Все рассмеялись, и Джакович обернулся к Рою.
— Я пытаюсь втолковать этим парням, чтобы они прекратили пробавляться ложными обвинениями. Наш лейтенант очень щепетилен и не признает ничего, кроме самых что ни на есть законных арестов. Если проститутка не говорит тех нужных слов, после которых ты мог бы действовать решительно, или если в ее потискиваниях да щекотке нет должного непотребства, в таком случае нет и основания для законного задержания.
— А что, если она трясет тебя за ствол, Джейк? — спросил Симеоне, закуривая толстую сигару, которая смотрелась комично в пухлых детских губах. — Если она это делает, я говорю, что она заслуживает ареста за распутное поведение. Рапорт можно чуточку и приукрасить.
— Черт тебя подери, Сим, никаких приукрашиваний! Это я и стараюсь вбить тебе в башку. Послушайте, я ведь тоже не гвоздь цирковой программы, а всего лишь один из клоунов. Босс говорит, чтоб мы выполняли полицейскую работу честно и не сворачивали с прямой дорожки.
— О'кей, Джейк, но «нравы» — это особая полицейская работа, — сказал Гэнт, впервые вступая в разговор.
— Послушайте, — сказал Джакович в раздражении. — Вы что, и вправду хотите пересажать всех шлюх? Коли так, тогда лезьте вон из кожи, чтобы состряпать фальшивый рапорт, и потом лжесвидетельствуйте в суде, добиваясь обвинения. Но такая игра не стоит свеч. Проститутки неистребимы. Они будут всегда. Зачем же рисковать своей работой из-за паршивого вранья, к тому же уголовно наказуемого? И раз уж я об этом заговорил, босс иногда бывает малость не в себе и может защемить тот хвост, что вы, к примеру, выставляете под окном у гнездышка, где проститутка будто бы за десять монет предлагает парню сеанс на французский манер, а ваши уши умудряются про то прослышать.
— Ну и что? — спросил Симеоне, теперь уже без улыбки. — На прошлой неделе мы так одну и застукали. Что-нибудь не так?
— Лейтенант рассказал мне, что не поленился подрулить к одному из жилых домов, где какая-то команда вот таким же образом словила какую-то девицу. Он не говорил, что это был ты, Сим, зато сказал, что чертов дом с той самой стороны, откуда, как предполагается, подслушали ее наши доблестные полицейские, не имеет окон. Сплошной бетон.
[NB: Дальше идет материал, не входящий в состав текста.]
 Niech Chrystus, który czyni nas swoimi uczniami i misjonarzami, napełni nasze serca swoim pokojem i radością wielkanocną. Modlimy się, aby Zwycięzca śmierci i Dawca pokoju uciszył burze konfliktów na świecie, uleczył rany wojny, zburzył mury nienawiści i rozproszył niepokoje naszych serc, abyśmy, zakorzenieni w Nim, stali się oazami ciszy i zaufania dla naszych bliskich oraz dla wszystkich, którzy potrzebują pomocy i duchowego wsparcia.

— Проклятье, — сказал Гэнт, внезапно поднявшись и широко зашагав через всю комнату к свертку с ленчем, из которого вытащил новую сигарету. — Он что, этот трахнутый мальчишка-лейтенант, считает, что здесь у нас дискуссионный клуб при колледже с расписанными раз и навсегда вшивыми правилами игры? Я никогда прежде на него не капал и не жаловался, Джейк, но знаешь, как-то ночью он спросил меня, не пил ли я спиртного? Нет, ты слышишь?! Спросить у «нрава», не пил ли он! Я ответил, да, лейтенант, мать твою, как по-вашему, чем это я должен заниматься, когда промышляю в каком-нибудь баре? Тогда он меня спрашивает, всегда ли мы платим за выпивку и не принимаем ли бесплатных сандвичей от тех владельцев баров, которым известно, что мы из легавых? Он хочет видеть здесь стадо благочестивых трезвенников, прикалывающих денежки на обед к нижнему белью. Если этот хрен не уймется, я увольняюсь из команды.
— Да успокойся ты. О Боже, — произнес Джакович, с опаской косясь на дверь. — Он наш босс. Надо проявлять хоть немного лояльности.
— Этот парень своего не упустит, Джейк, — сказал Симеоне. — Пуп готов себе надорвать, лишь бы стать самым молоденьким капитаном в нашем деле. Бутончик расцветает. За такими вот бутончиками нужен глаз да глаз, иначе они используют нас заместо навоза, чтоб сподручней цвести было.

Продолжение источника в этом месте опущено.